Роксолана подняла руку. Довольно. От этого жуткого перечня можно сойти с ума. Пока она здесь рожала султану сыновей и примеряла драгоценности, за которые можно купить полмира, ее земля стонала и истекала кровью. Знала ли она об этом? Разве не говорила ей об этом со злорадством черногубая валиде, разве сам Сулейман не вспоминал о своей провинности перед нею за действия крымских ханов? Все знала. Но была занята только собой. Спасала собственную жизнь. Потом принялась спасать душу, боролась, чтобы не потерять человеческого облика, сберечь свою личность. Потом захотелось вознесения над всей ничтожностью этого мира, над прислужниками султанского трона, может, и над самим султаном, ибо никто и ничто несоизмеримо здесь с ним, кроме нее. На первых порах, может, кто и сочувствовал ей, может, жалели ее, теперь только удивляются, завидуют и ненавидят. Пускай удивляются!

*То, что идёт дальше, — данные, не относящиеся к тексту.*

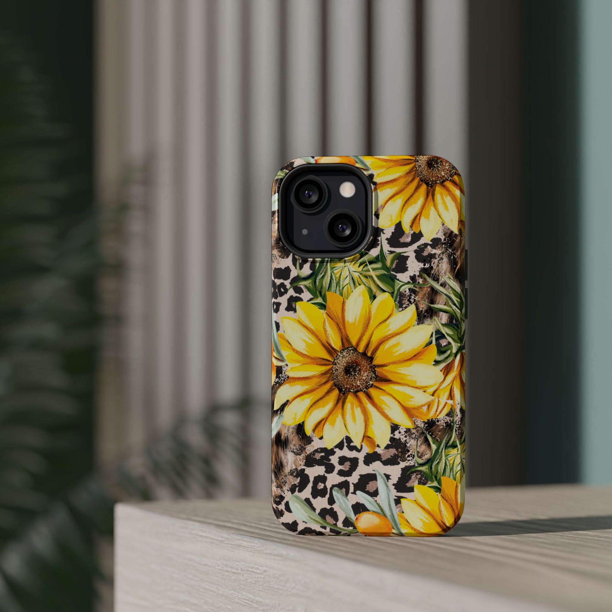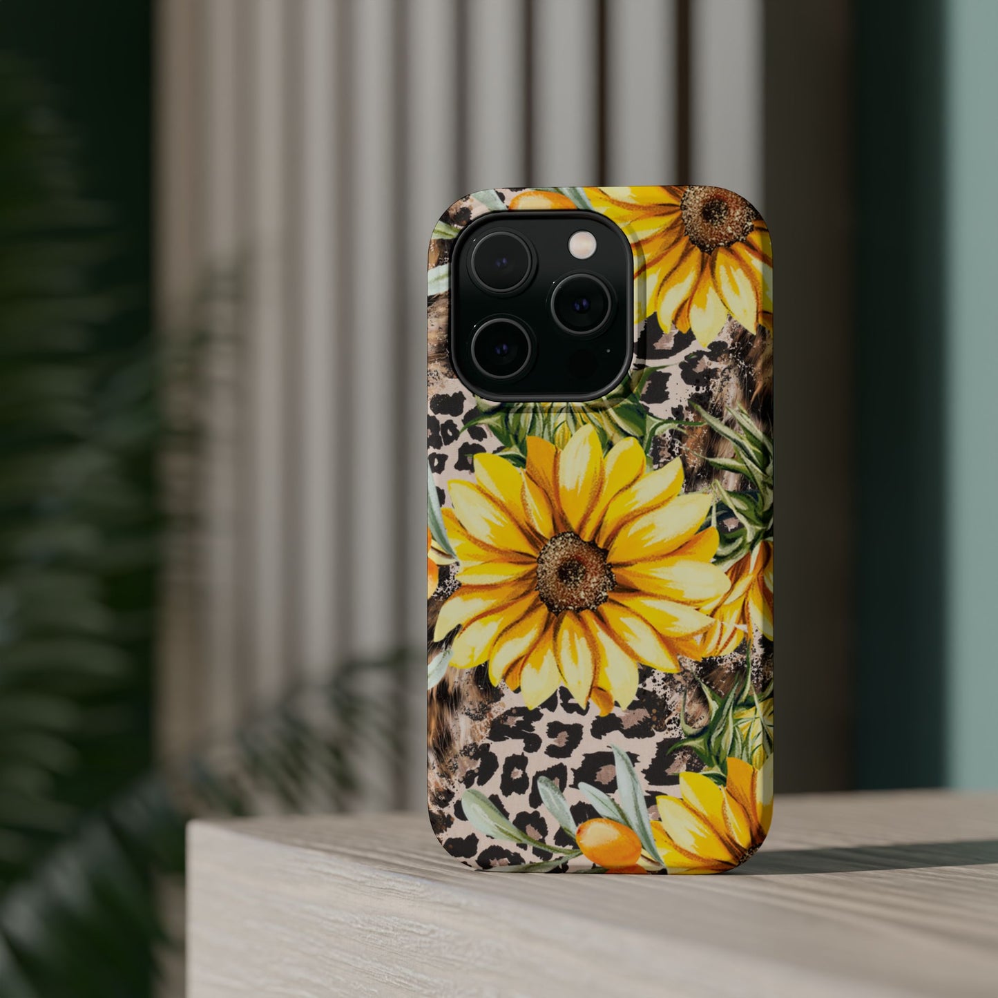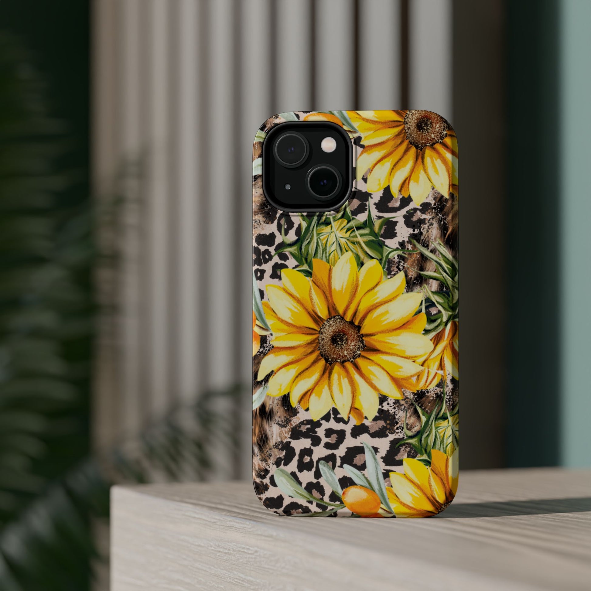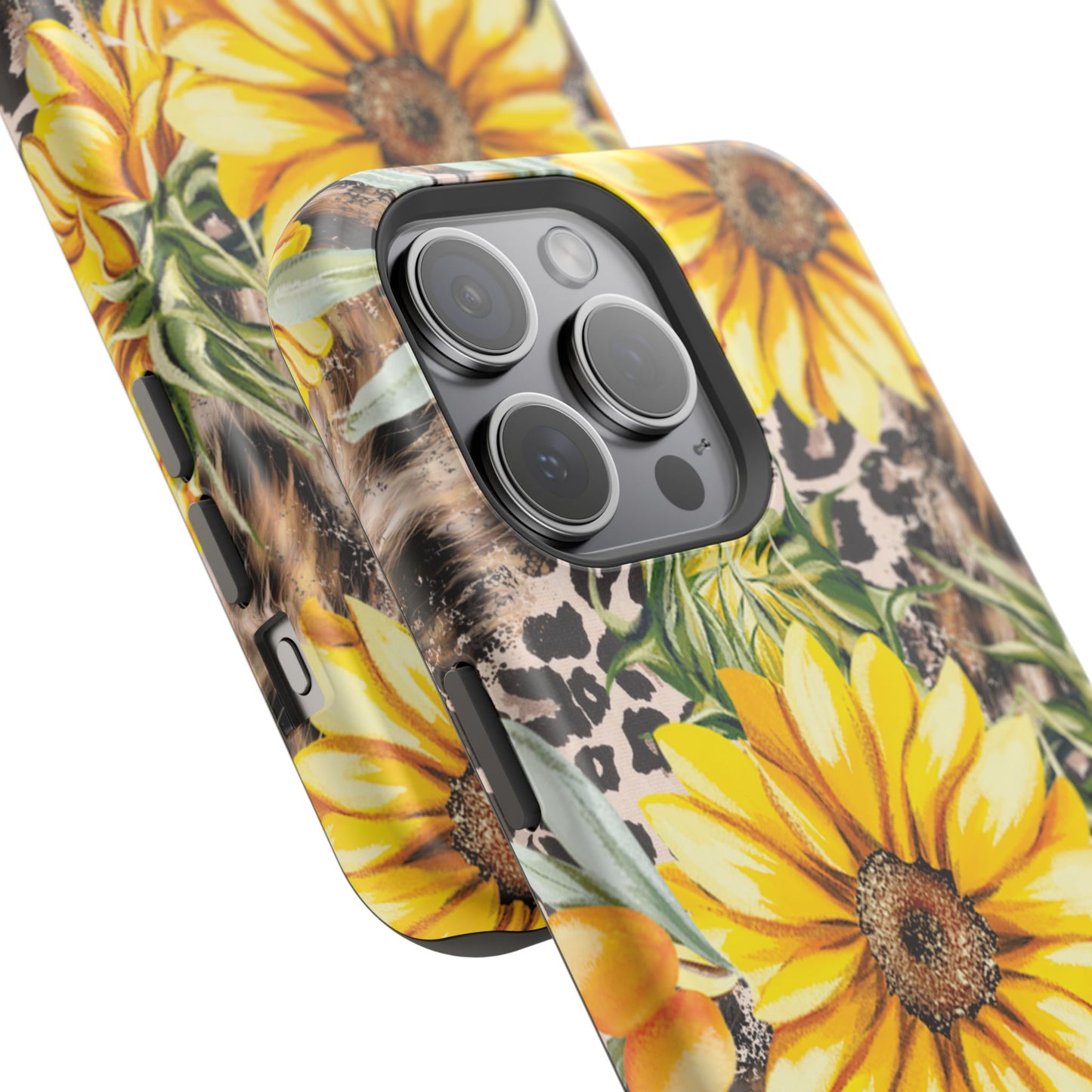 Unleash your wild side with this Leopard Sunflower Chic MagSafe iPhone Case! This fierce and fashionable design combines vibrant yellow sunflowers with trendy leopard print and soft, neutral undertones. Touches of foliage and orange berries add a natural accent to the bold animal print background, creating a perfect blend of rustic charm and modern glam. Built with a strong polycarbonate shell and shock-absorbing TPU liner, this case offers both style and reliable protection. A must-have for trendsetters who love a little bit of edge in their accessories!

Но как могла она забыть о родной земле? Помнила только свое собственное, отцовский дом стоял перед глазами в солнечном сиянии, будто золотой сон, да мамин голос напевал ей детские колыбельные и пинькала в густых зарослях ольхи на отцовском дворе маленькая птичка, называемая «прилинь», а вся ее большая земля словно бы была забыта, окутана туманом, отошла куда-то в небытие, погибла, пропала для нее навеки, навеки.